Figure1<-ggplot(as.data.frame(it1jueces),
aes(y = frec, axis1 = Rord, axis2 = Cord, axis3 = Iord, axis4 = Clord)) +
geom_alluvium(aes(fill = Jord), width = 1/8) +
geom_stratum(width = 1/8, alpha=0.5) +
geom_label(stat = “stratum”, label.strata = TRUE, size = 3) +
scale_x_discrete(limits = c(“representativeness”, “Comprehensiveness”, “interpretability”, “Clarity”), expand = c(.1, .1)) + scale_fill_brewer(type = “qual”, palette = “Paired”) +
ggtitle(“Item2: Tengo confianza en mi capacidad de ponerme un condon o ponerselo a mi pareja”)+ xlab(“Dimensions”)+
theme(plot.title = element_text(lineheight=.8, face=”bold”,hjust = 0.5, color = “black”, size = 10)) + coord_cartesian(ylim=c(0, 12)) + scale_y_continuous(breaks=seq(0, 12, 2))
Include the Aiken’s Value in each figure, it is obtained by means of a formulated Excel sheet, in which the category chosen was multiplied by the number of judges who awarded it, divided by the total number of judges minus 1 and, this value divided into 3. The resulting coefficient of this value can have rates between 0 and 1, the closer the value is to 1, the greater the validity of content the item will have. For example, for item 1, the formula was as follows:
=(((( category [4] * number of judges who awarded it [12])+( category [3]* number of judges who awarded it [1]))/12)-1)/3
Then integrate all the independent figures into a single one using the following syntaxes, this makes it possible to choose the number of columns and rows to present the figures.
Sfig1<-ggarrange(FJ1, FJ2, FJ3, FJ4,FJ5,FJ6, FJ7, FJ8, FJ9, FJ10, FJ11, FJ12, FJ13, FJ14, FJ15, common.legend = TRUE, ncol = 3, nrow = 5)
Afterwards, analyse the data base to prepare the figure 2, include the factors information and the order in which the data will be displayed for example from least to greatest.
JA2$Itemreord <- factor(JA2$Item, c(“item1”, “item2”, “item3”, “item4”, “item5”, “item6”, “item7”, “item8”, “item9”, “item10”, “item11”, “item12”, “item13”, “item14”, “item15”))
JA2$Factoreord <- factor(JA2$Factor, c(“Appropriation”, “Partner disapproval”, “Assertiveness”, “Self control” , “Missing”))

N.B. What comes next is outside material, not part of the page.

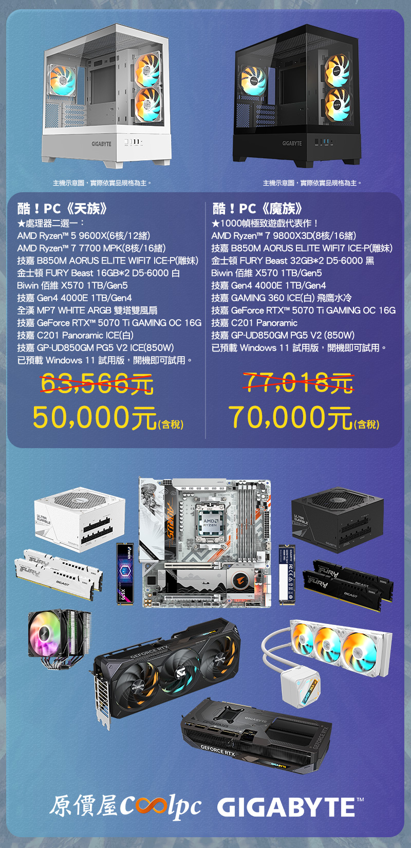酷!PC《天族》《魔族》兩款主架構全搭技嘉系列,從技嘉 B850M AORUS ELITE WIFI7 ICE-P 雕妹主機板開頭:二次元的突破性設計理念,搭配 12+2+2 相供電、VRM Thermal Armor 散熱 + PCIe 5.0 資源,穩如泰山、快如閃電!技嘉 GeForce RTX™ 5070 Ti GAMING OC 16G 顯示卡:神一般的 DLSS 4 AI 超解析度,配上出色的風之力散熱系統,結合伺服器級導熱凝膠、Hawk 風扇、複合式銅質導熱管 + 大面積導熱板,不論 AI 運算或遊戲表現皆不容小覷!技嘉 GP-UD850GM PG5 V2 850W 電源:全模組 ATX3.1 穩定輸出 + 10 年保固長長久久!技嘉 C201 Panoramic 機殼:內建 ARGB 三風扇 + 270°全景玻璃,主打的就是一個散熱快,視野又好!硬碟選用美國 TIME 雜誌評選肯定的佰維 1TB Gen5 SSD,再加一顆技嘉 1TB Gen4 SSD 輔助,輕鬆配置遊戲空間。Gen5 高效能強調 14000Mbps 讀取,隨便都是 Gen 4 兩倍以上的讀取速度,延遲更低,過圖更快,反映就是快人一步唯快不破!而酷!PC《天族》全機為白色主視覺,主打 AMD CPU 二選一(R5 9600X 或 R7 7700 MPK),金士頓 FURY Beast 16GBx2 D5-6000(白) 記憶體、全漢 MP7 WHITE ARGB 散熱器(6 導管 + FDB 雙風扇抑制溫度);酷!PC《魔族》為黑色主視覺,直接使用遊戲霸主 AMD R7 9800X3D – 頂!金士頓 FURY Beast 32GBx2 D5-6000(黑) – 頂!技嘉 GAMING 360 ICE 水冷散熱器 – 頂!

mutate(JA2$Item = stats::fct_relevel(JA2$Item, “item1”, “item2”, “item3”, “item4”, “item5”, “item6”, “item7”, “item8”, “item9”, “item10”, “item11”, “item12”, “item13”, “item14”, “item15”)) %>%
Finally, make the figure 2 through the following syntaxes, define the information that goes on the axes and assign the desire labels, size and appearance characteristics.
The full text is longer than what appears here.